Here on any trial, the probability of picking a point in $[0,0.2)$ is $0.2$. Call picking such a point a "success." Let the experiment be repeated $100$ times. If the random variable $X$ is the number of successes, then $X$ has binomial distribution. The probability that the number of successes is greater than $50$ is $\sum_{k=51}^{100} \binom{100}{k}(0.2)^k(0.8)^{100-k}.$ In the old days, the above sum would have been very unpleasant to compute. However, Wolfram Alpha computes this easily, and gives an answer of about $5.18\times 10^{-12}$.
Comment: In the post, there is the assertion that $P(X\ge 50)=1-P(X=49)$. That is not correct.

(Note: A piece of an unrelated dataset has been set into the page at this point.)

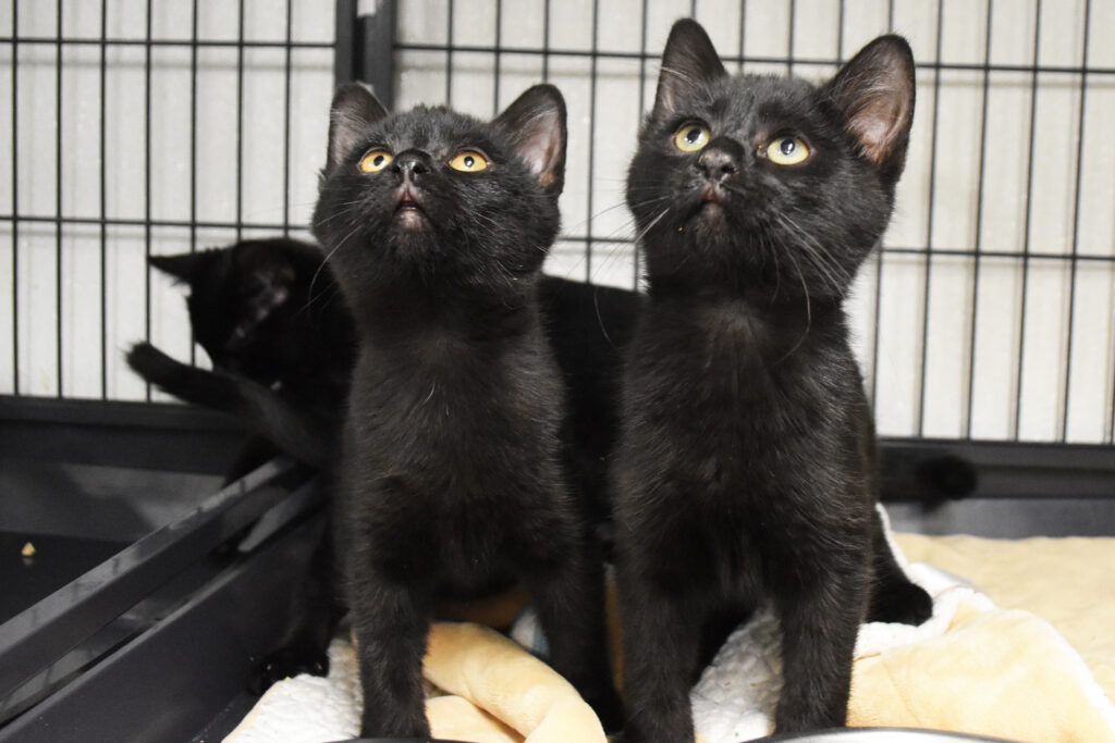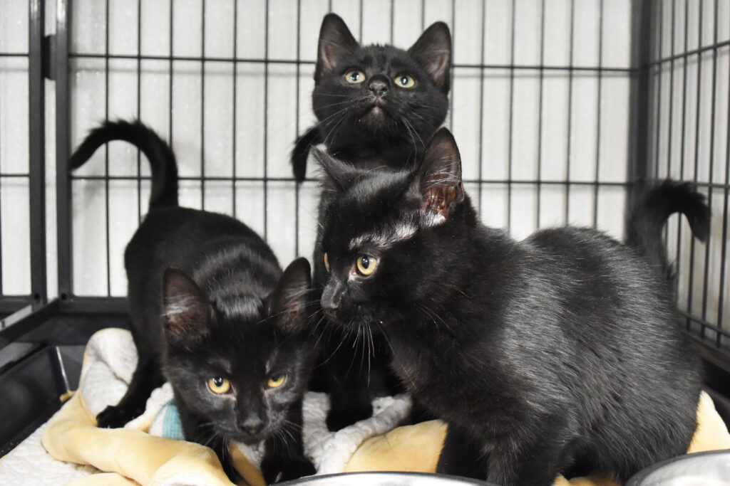 Hi! We’re Archer (boy), Blaze (boy), and Mrs. White (girl), three 13-week-old kittens. We came into the shelter as strays with two other siblings. We were found with our mom on Elk Street near the gorilla statue, and now we’re here! We’re curious kittens who love to play hard, and then sleep hard. If you’re looking for some cute kitties to raise, you found us! We can’t wait to see you soon!

Indeed $P(X \ge 50)$ is close to $0$, while $1-P(X=49)$ is close to $1$. But the following assertion would be correct. $P(X \ge 50)=1-P(X\le 49).$
By the way, Wolfram Alpha says that $P(X \ge 50)\approx 2.14\times 10^{-11}$. Thus $P(X=50)\approx 1.62\times 10^{-11}$. This is very small, of course, but about $3$ times as large as the probability that $X\ge 51$. That shows that the terms after $50$ are not only small, they also decay rapidly.